In the records below, find the line that contains "(5)将一小块元素②的单质放" and the line that contains "STRUTTURA E UTILIZZO"; write out exactly those two lines and everything between them, without the pictures.

___ Provided data

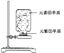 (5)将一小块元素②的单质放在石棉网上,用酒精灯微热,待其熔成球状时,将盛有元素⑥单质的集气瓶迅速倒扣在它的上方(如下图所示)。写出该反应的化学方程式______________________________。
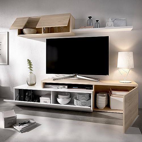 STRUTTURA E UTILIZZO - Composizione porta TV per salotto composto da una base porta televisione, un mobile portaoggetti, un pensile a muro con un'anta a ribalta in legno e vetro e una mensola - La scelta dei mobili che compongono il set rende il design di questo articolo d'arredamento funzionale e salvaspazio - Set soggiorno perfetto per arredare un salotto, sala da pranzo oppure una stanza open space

______
___ Provided data

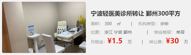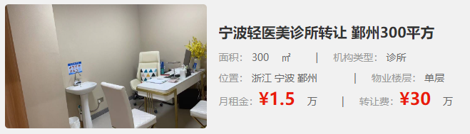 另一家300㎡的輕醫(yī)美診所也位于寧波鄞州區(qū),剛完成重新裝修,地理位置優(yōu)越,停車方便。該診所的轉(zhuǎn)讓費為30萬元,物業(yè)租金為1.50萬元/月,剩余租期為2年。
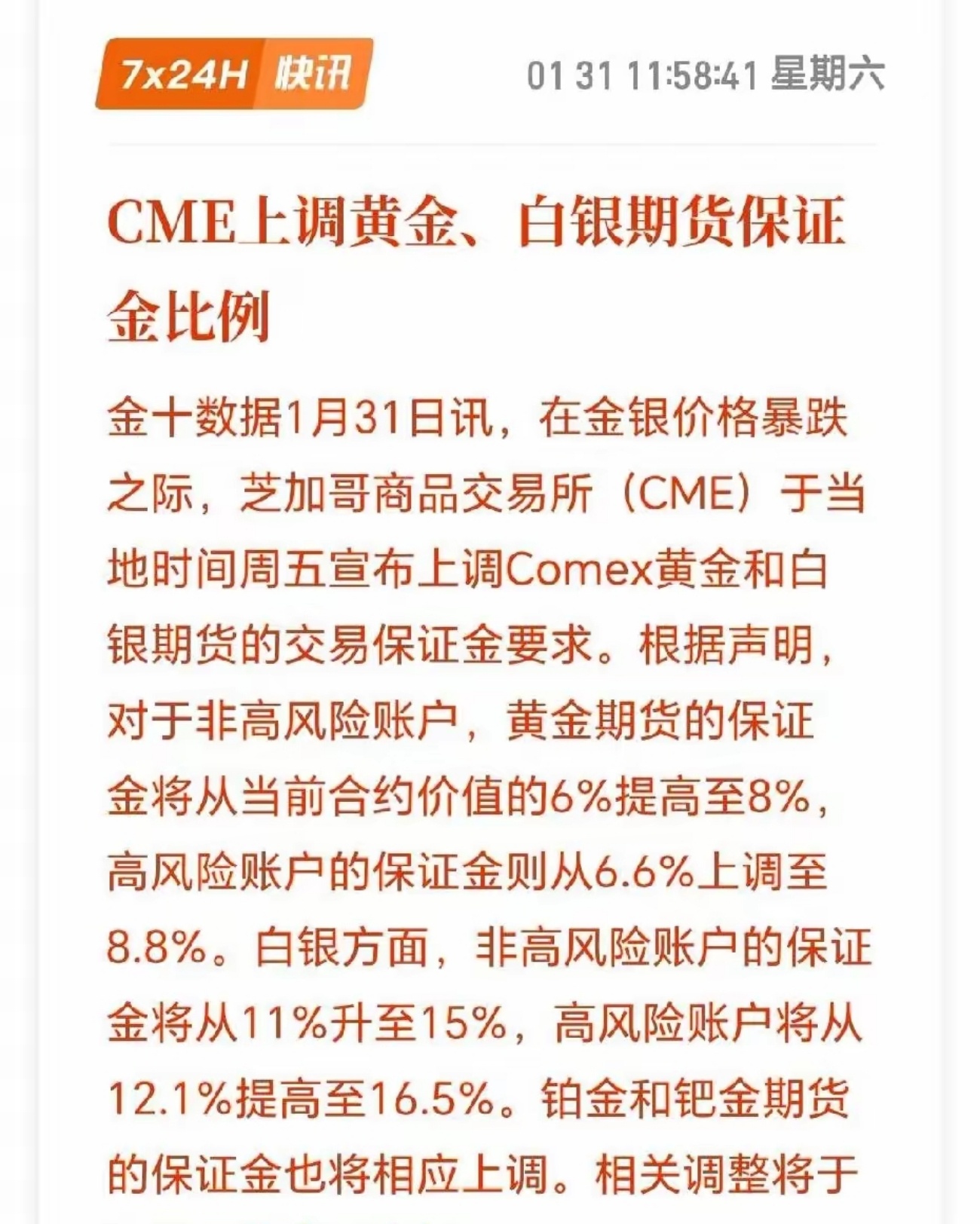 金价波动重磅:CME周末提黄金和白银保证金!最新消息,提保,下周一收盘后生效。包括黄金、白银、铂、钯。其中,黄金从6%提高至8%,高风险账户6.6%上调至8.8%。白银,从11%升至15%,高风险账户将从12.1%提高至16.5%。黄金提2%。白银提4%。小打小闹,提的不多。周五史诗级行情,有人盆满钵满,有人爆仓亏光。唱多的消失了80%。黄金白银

______

▸ Solution for this exercise:
 (5)将一小块元素②的单质放在石棉网上,用酒精灯微热,待其熔成球状时,将盛有元素⑥单质的集气瓶迅速倒扣在它的上方(如下图所示)。写出该反应的化学方程式______________________________。
 STRUTTURA E UTILIZZO - Composizione porta TV per salotto composto da una base porta televisione, un mobile portaoggetti, un pensile a muro con un'anta a ribalta in legno e vetro e una mensola - La scelta dei mobili che compongono il set rende il design di questo articolo d'arredamento funzionale e salvaspazio - Set soggiorno perfetto per arredare un salotto, sala da pranzo oppure una stanza open space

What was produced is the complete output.